▸ **What the task requires**
In the material below, pictures must be dropped. Repeat exactly, and only, the lines from the line with "Описаниеповерхность газовая независимая, 86" to the line with "Santa Fe station", both ends included.

▸ **Provided information**
..............................

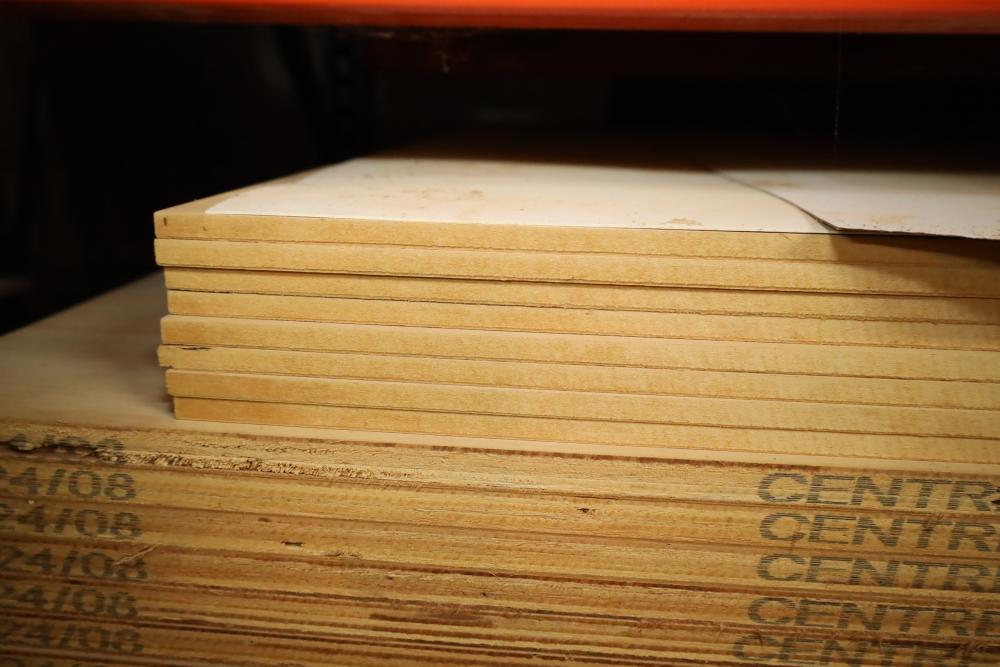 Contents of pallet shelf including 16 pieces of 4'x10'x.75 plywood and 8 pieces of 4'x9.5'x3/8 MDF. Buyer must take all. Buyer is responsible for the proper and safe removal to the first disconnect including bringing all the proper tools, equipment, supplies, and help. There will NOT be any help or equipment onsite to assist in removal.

..............................

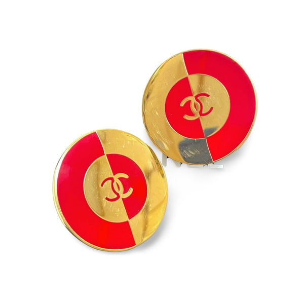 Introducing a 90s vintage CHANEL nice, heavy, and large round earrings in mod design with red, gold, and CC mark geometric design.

..............................

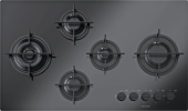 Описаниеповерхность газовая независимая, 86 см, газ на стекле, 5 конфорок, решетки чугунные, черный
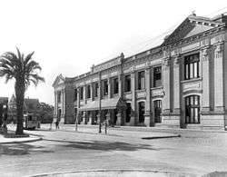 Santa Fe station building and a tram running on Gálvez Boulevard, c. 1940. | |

..............................

▸ **Answer to the problem**
 Описаниеповерхность газовая независимая, 86 см, газ на стекле, 5 конфорок, решетки чугунные, черный
 Santa Fe station building and a tram running on Gálvez Boulevard, c. 1940. | |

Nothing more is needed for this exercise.